INSTRUCTIONS FOR THE TASK:
Lines from the one with "LED; 5мм; красный;" to the end of the material, both included: print them exactly and print nothing else. Omit the pictures.

DATA BELOW:

---

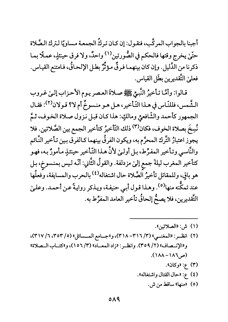قالوا: وأمَّا تأخيرُ النَّبيِّ - صلى الله عليه وسلم - صلاةَ العصر يوم الأحزاب إلى غروب الشَّمس، فللنّاس في هذا التّأخير، هل هو منسوخٌ أم لا؟ قولان (¬٢): فقال الجمهور كأحمد والشّافعيِّ ومالكٍ: هذا كان قبل نزول صلاة الخوف، ثمَّ نُسِخَ بصلاة الخوف، فكان (¬٣) ذلك التّأخيرُ كتأخير الجمع بين الصَّلاتين. فلا يجوز اعتبارُ التَّرك المحرَّم به، ويكون الفرقُ بينهما كالفرق بين تأخير النَّائم والنَّاسي وتأخير المفرِّط، بل أولى لأنَّ هذا التّأخير حينئذٍ مأمورٌ به، فهو كتأخير المغرب ليلةَ جمعٍ إلى مزدلفة. والقولُ الثَّاني: أنّه ليس بمنسوخٍ، بل هو باقٍ، وللمقاتل تأخيرُ الصَّلاة حال اشتغاله (¬٤) بالحرب والمسايفة، وفعلُها عند تمكُّنه منها (¬٥). وهذا قول أبي حنيفة، ويذكر روايةً عن أحمد. وعلى التَّقديرين، فلا يصحُّ إلحاقُ تأخير العامد المفرِّط به.
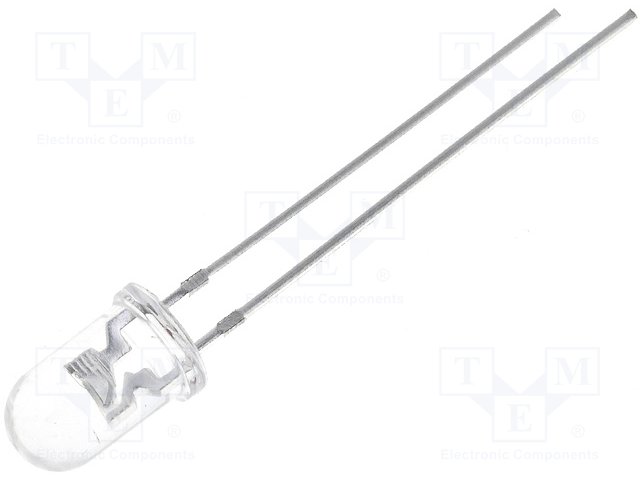 LED; 5мм; красный; 20мкд; 30°; Поверхность: выпуклая; Шаг: 2,54мм |
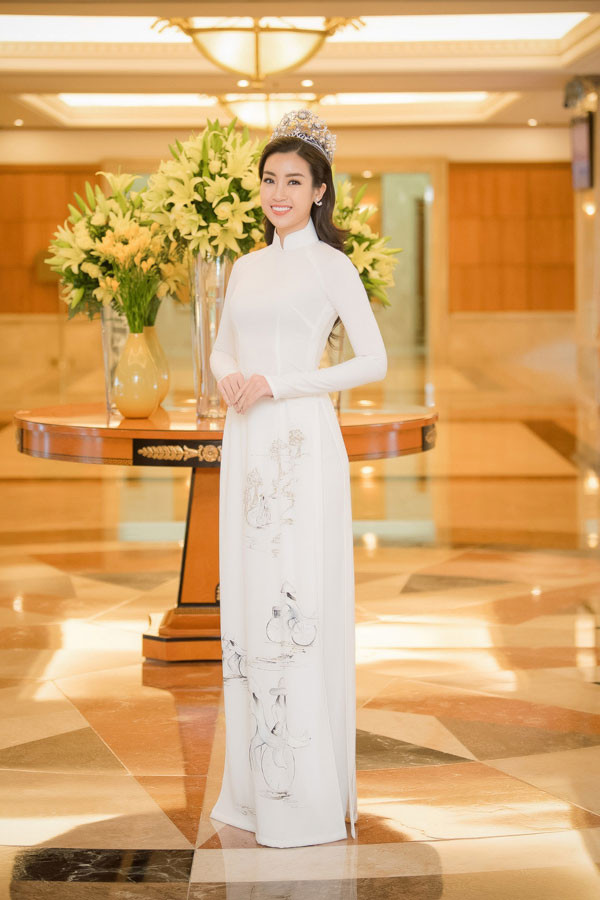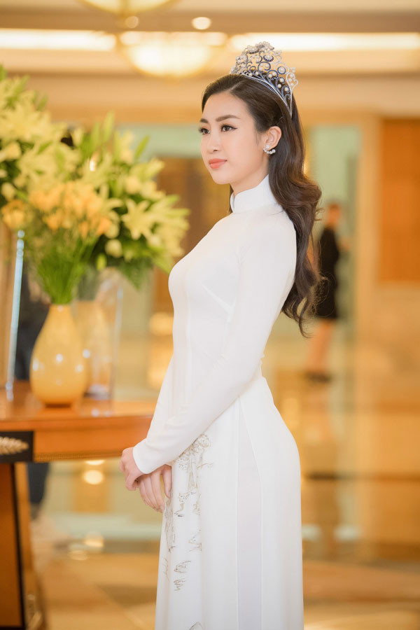 Mỗi lần diện áo dài, Hoa hậu Mỹ Linh đều khiến người khác phải xuýt xoa vì vẻ đẹp nền nã, thanh thoát của mình
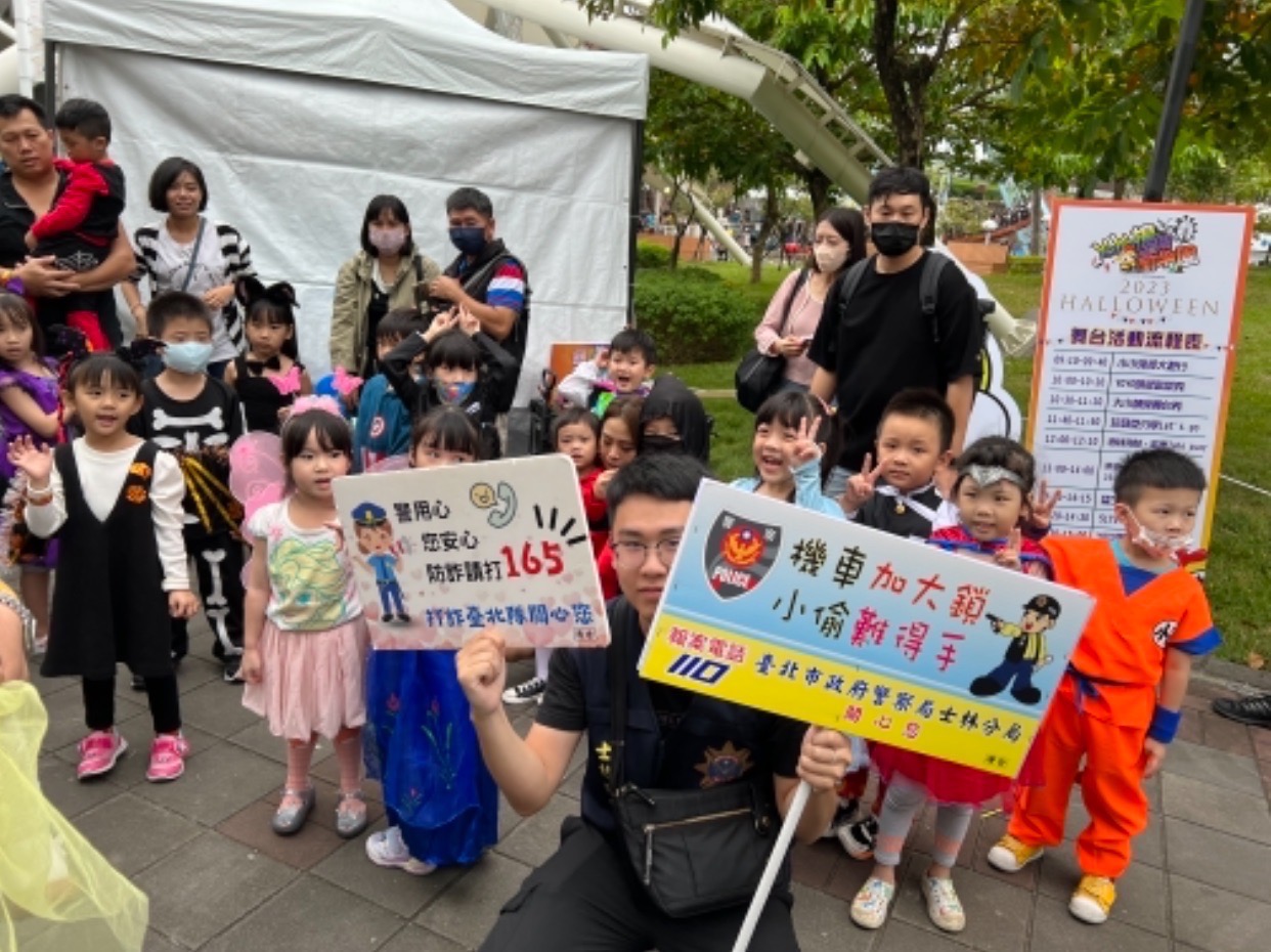為建立兒童危機意識防範被害,士林警派出最萌警察大頭娃娃與當日變裝民眾互動宣導犯罪預防,結合交通安全、婦幼安全宣導及傳達反賄選、反貪廉政觀念,及識詐有獎徵答活動,藉以達提升自保防禦力之目的,活動中充滿歡樂氛圍,也深具教育意味,獲民眾熱烈歡迎。

---

OUTPUT FOR THIS EXERCISE:
 LED; 5мм; красный; 20мкд; 30°; Поверхность: выпуклая; Шаг: 2,54мм |
 Mỗi lần diện áo dài, Hoa hậu Mỹ Linh đều khiến người khác phải xuýt xoa vì vẻ đẹp nền nã, thanh thoát của mình
為建立兒童危機意識防範被害,士林警派出最萌警察大頭娃娃與當日變裝民眾互動宣導犯罪預防,結合交通安全、婦幼安全宣導及傳達反賄選、反貪廉政觀念,及識詐有獎徵答活動,藉以達提升自保防禦力之目的,活動中充滿歡樂氛圍,也深具教育意味,獲民眾熱烈歡迎。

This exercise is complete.